XPEL Announces Appointment of Mark A. Thornton to Board of Directors

XPEL Announces Appointment of Mark A. Thornton to Board of Directors

SAN ANTONIO–(BUSINESS WIRE)–
XPEL, Inc. (Nasdaq: XPEL), a global provider of protective films and coatings, announces the appointment of Mark A. Thornton to its Board of Directors.

This press release features multimedia. View the full release here: https://www.businesswire.com/news/home/20260423061128/en/

Mark A. Thornton

Mark A. Thornton

Mr. Thornton is a seasoned executive with more than 28 years of experience with the Procter & Gamble Company. For nearly half that time, he has worked internationally across three critical growth markets: China, Europe, and the United States. He currently serves as Vice President of Global Baby Care, Feminine Care, and Family Care Quality Assurance, where he works on brands such as Pampers®, Always®, and Bounty®. Mr. Thornton specializes in innovation, strategy, consumer research, and materials science.

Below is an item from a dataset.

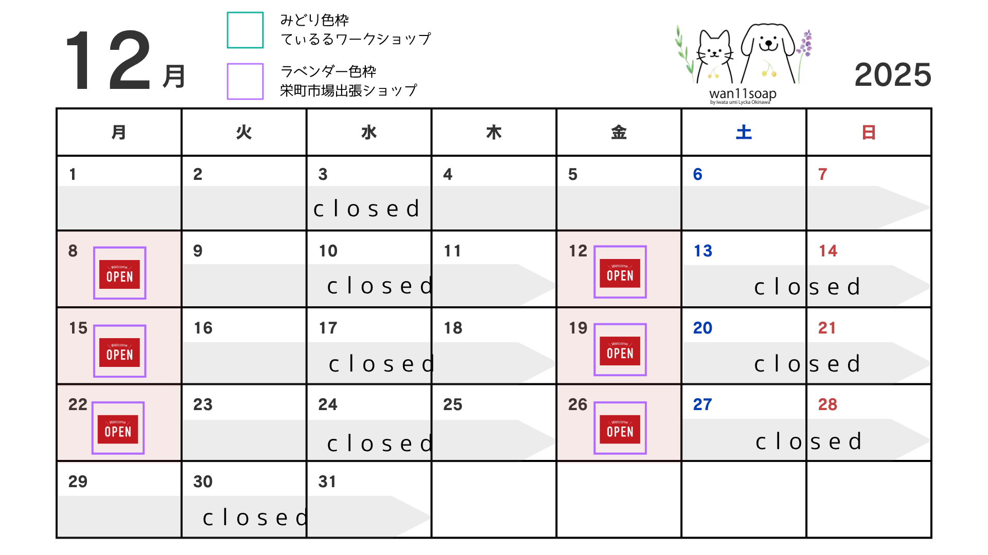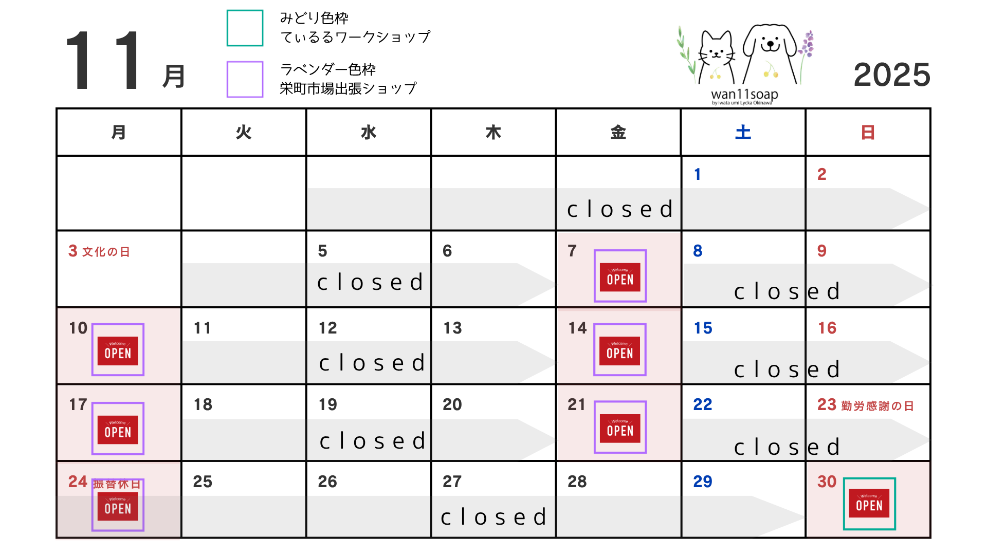 | 営業曜日 | 月曜日・金曜日 ※お休みの週もあります。 下記スケジュールをご確認ください。 |
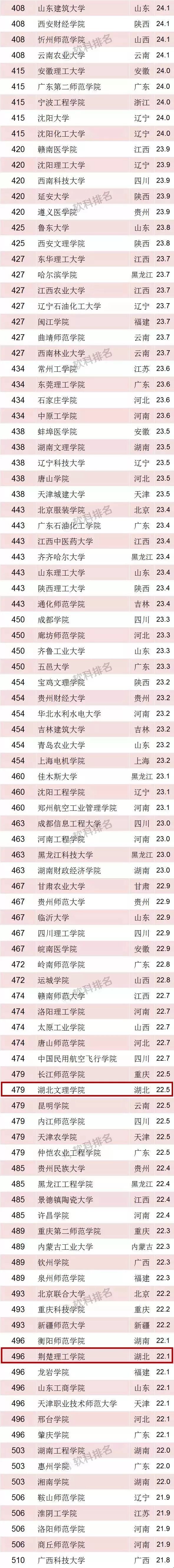 湖北文理学院(第479名)

Earlier in his career, Mr. Thornton led the expansion of P&G’s largest brand, Pampers, across the Asia-Pacific region, where he helped build the China business from the ground up. He established local manufacturing capabilities, launched a new product portfolio, and drove competitive gains that returned the business to growth in one of the world’s most challenging consumer markets.

Ryan Pape, President and Chief Executive Officer of XPEL stated, “We are pleased to welcome Mark to the XPEL Board of Directors. His wide-ranging knowledge of consumer product development, combined with his extensive experience in China, makes him a great addition.”

Mark Thornton commented, “I’m excited to join the XPEL board and look forward to sharing my experiences as a leader and brand builder at a pivotal time for the Company. XPEL has created a premier line of products with strong brand recognition, and I welcome this opportunity to be a part of the team.”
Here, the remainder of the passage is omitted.